Baca juga: Benarkah Vaksin Pneumonia dan Influenza Bisa Meringankan Gejala Covid-19?
1. Bagaimana saya tahu kalau tertular COVID-19, atau hanya gejala flu?
COVID-19 sering menyebabkan gejala yang mirip dengan yang dialami orang yang sedang demam parah atau flu. Dan seperti flu, gejalanya bisa berkembang dan mengancam jiwa.
Kamu harus curiga sudah tertular COVID-19 jika demam disertai gejala pernapasan (sesak napas) dan Kamu sebelumnya melakukan kontak dengan seseorang yang diduga menderita COVID-19, atau tinggal di daerah “merah”, atau baru pulang dari keramaian. Gejala lain juga bisa menimpa saluran pencernaan atau hilangnya penciuman.
“Bahkan selain di pernapasan, Covid-19 juga bisa menyebabkan gejala gangguan pencernaan seperti diare. Namun, ketika kita tiba-tiba kehilangan penciuman dan rasa makanan di lidah, maka bisa dipastikan 100% itu adalah Covid-19. Karena tidak ada penyakit dengan gejala khas seperti itu,” jelas dr. jaka.

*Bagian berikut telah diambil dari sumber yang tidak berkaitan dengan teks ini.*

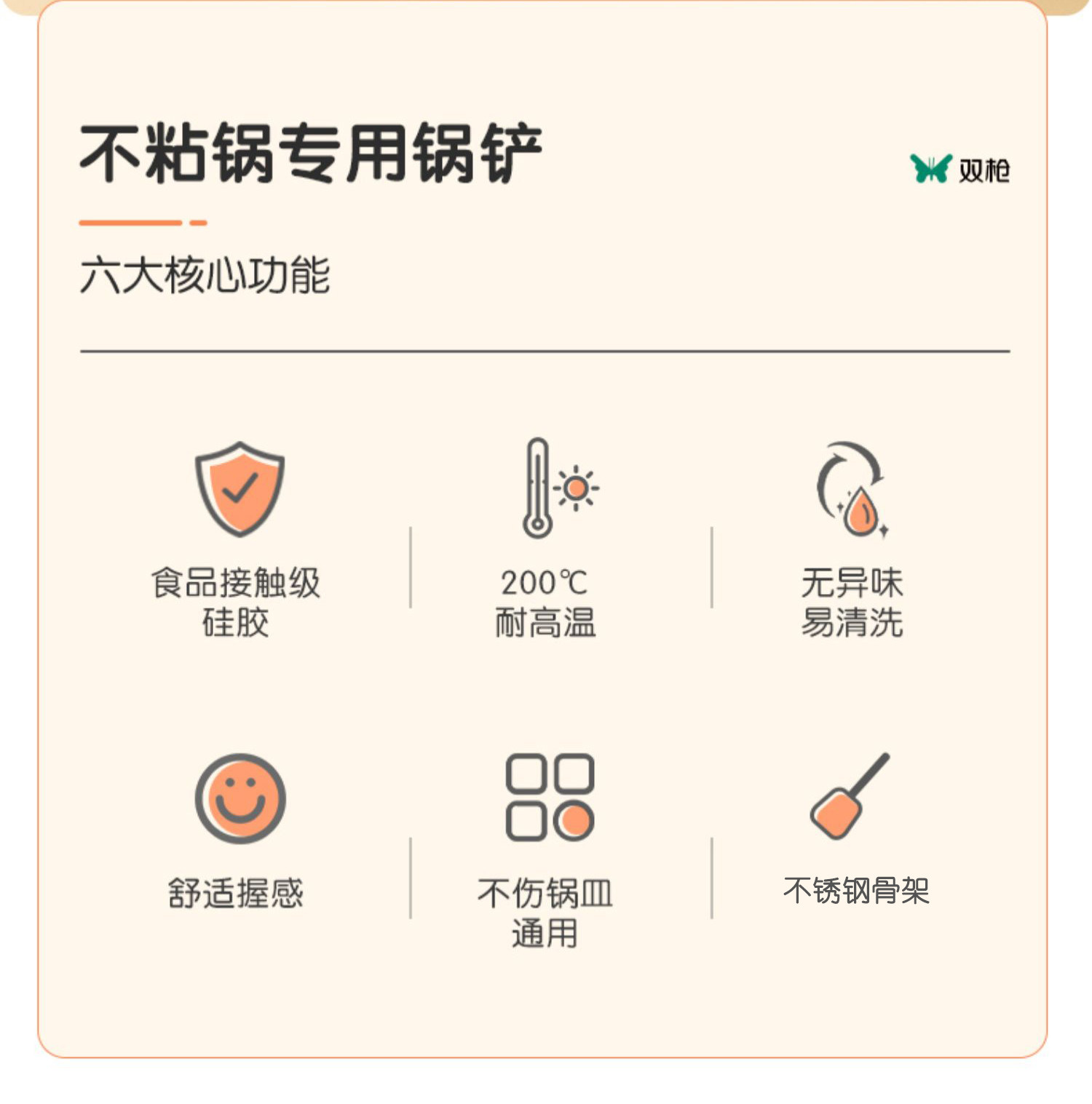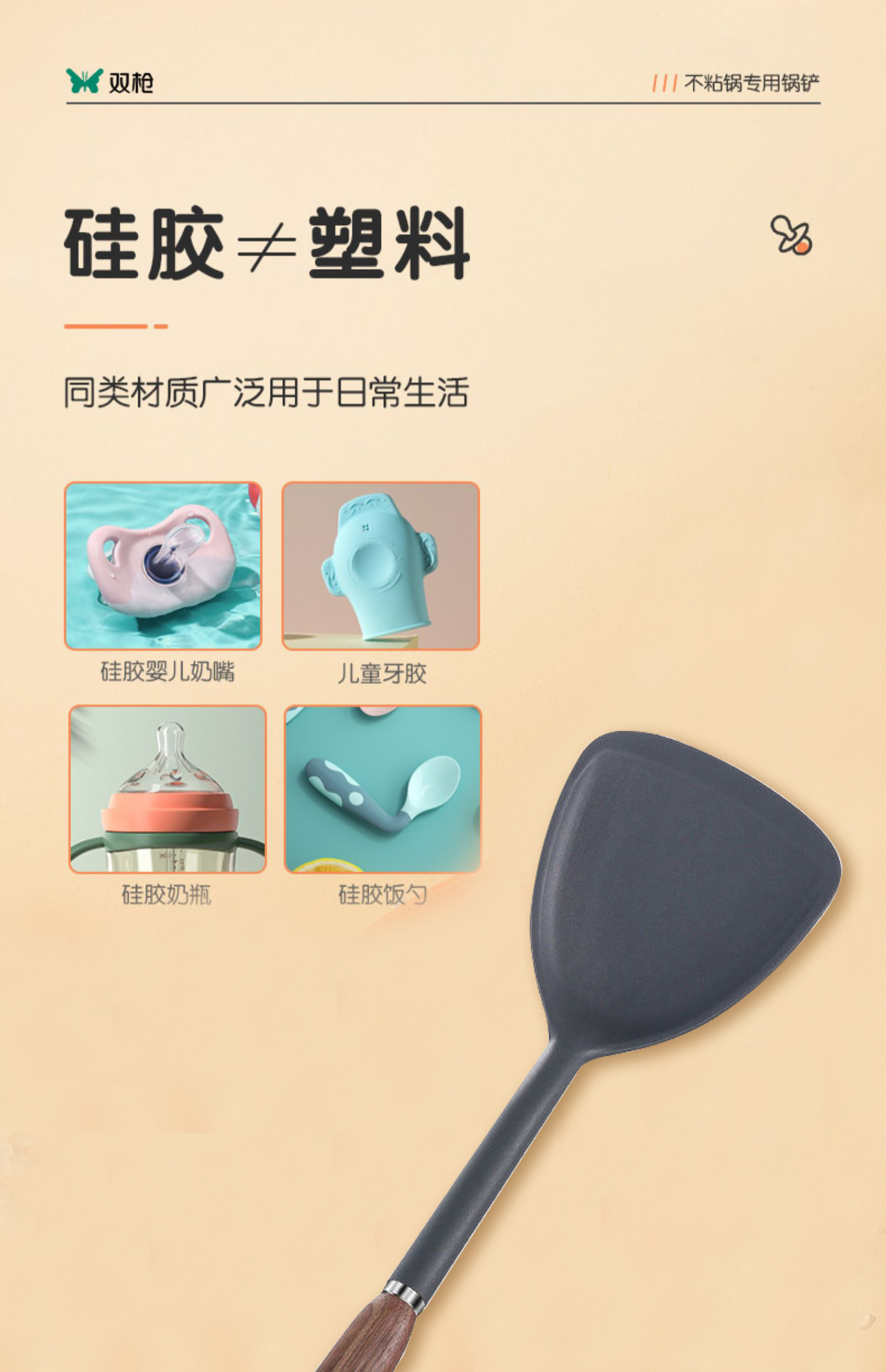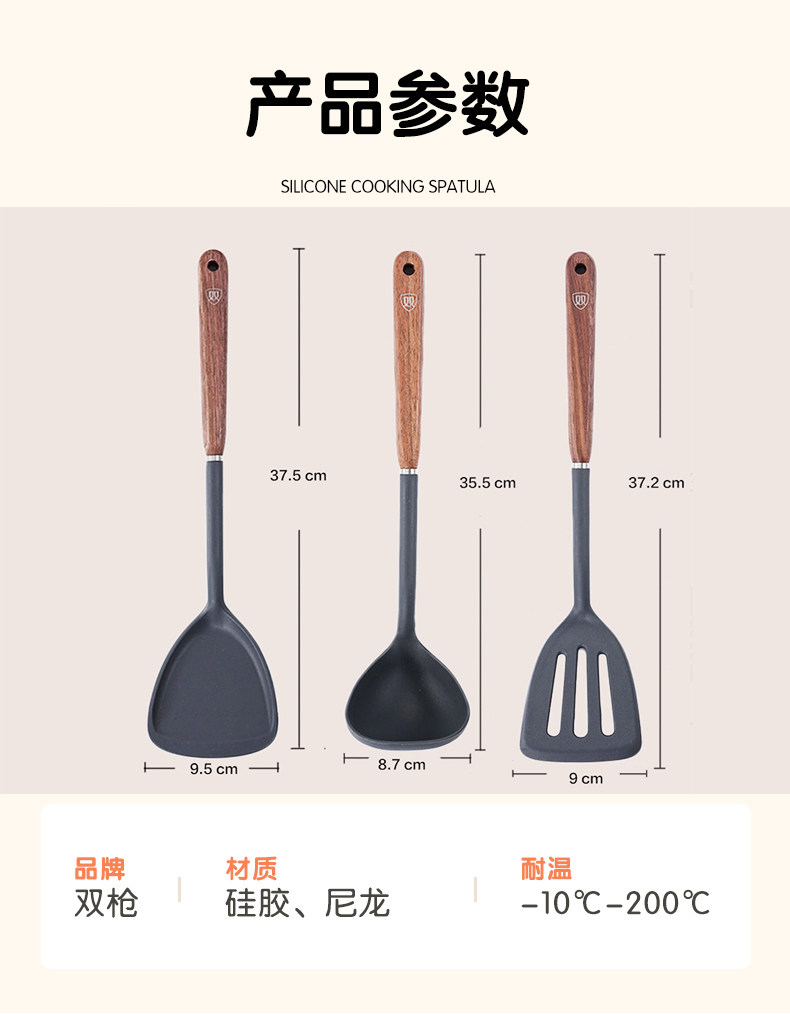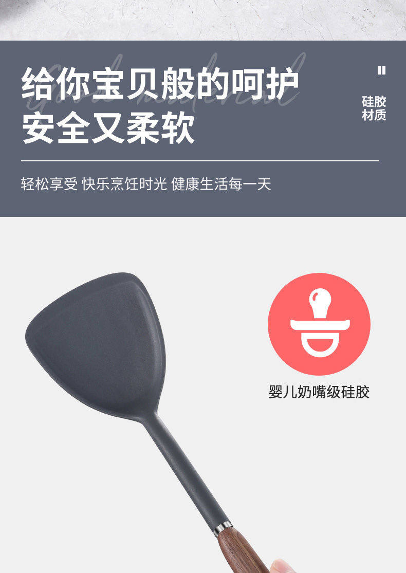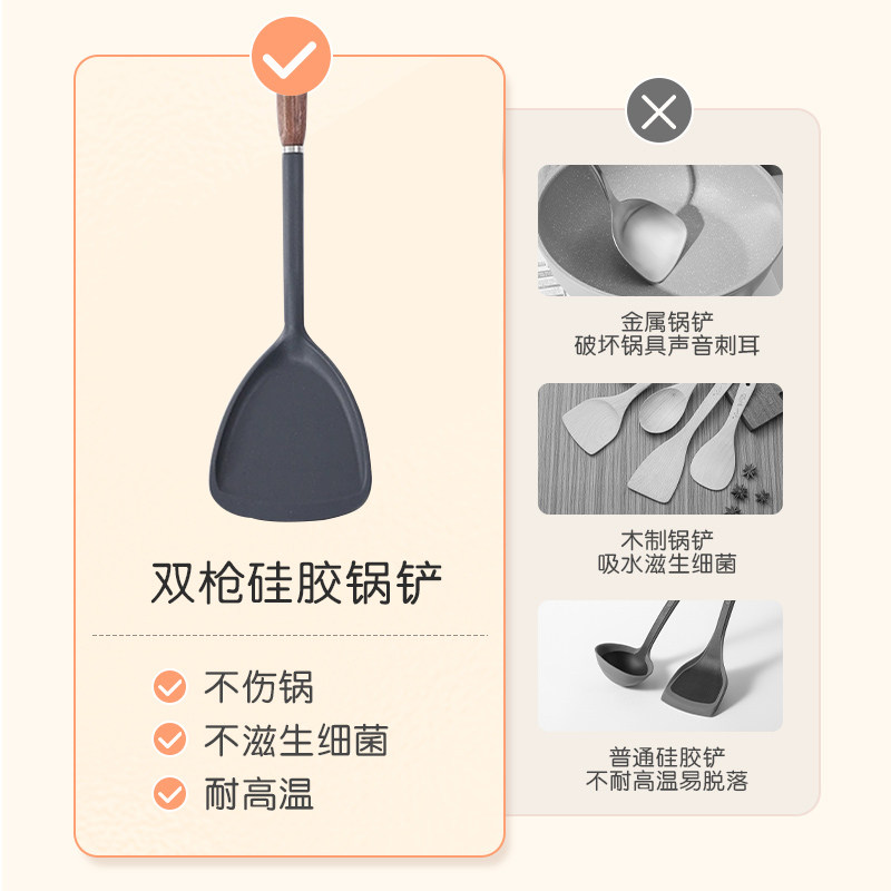 双枪硅胶锅铲不粘锅专用耐高温炒菜铲子家用锅铲煎铲汤勺厨具套装

Baca juga: Diare, Salah Satu Gejala Covid-19 di Saluran Pencernaan
2. Tes apa yang paling akurat untuk mendiagnosis COVID-19?
Tes diagnostik khusus harus dilakukan untuk memastikan bahwa Kamu benar-benar terinfeksi virus korona. Dijelaskan dr. Dirga, tes yang saat ini paling akurat adalah tes swab atau PCR. Ini adalah tes yang mengambil sampel dari hidung dan tenggorokan. Sampel kemudian diperiksa untuk dicari materi genetik virus atau protein virus tertentu (tes antigen).
Bagaimana dengan tes antibodi atau rapid test, apakah tidak akurat? “Tes antibodi dapat mengetahui apakah seseorang telah terinfeksi COVID-19. Dan tidak selalu yang terinfeksi bisa terdeteksi oleh tes ini. Mengapa? Hal ini karena orang yang terinfeksi tidak langsung memproduksi antibodi. Diperlukan waktu selama tiga minggu sampai tes antibodi darah menjadi positif. Itulah mengapa tes antibodi ini tidak berguna sebagai tes diagnostik untuk seseorang yang baru mengalami gejala,” jelas dr. Dirga.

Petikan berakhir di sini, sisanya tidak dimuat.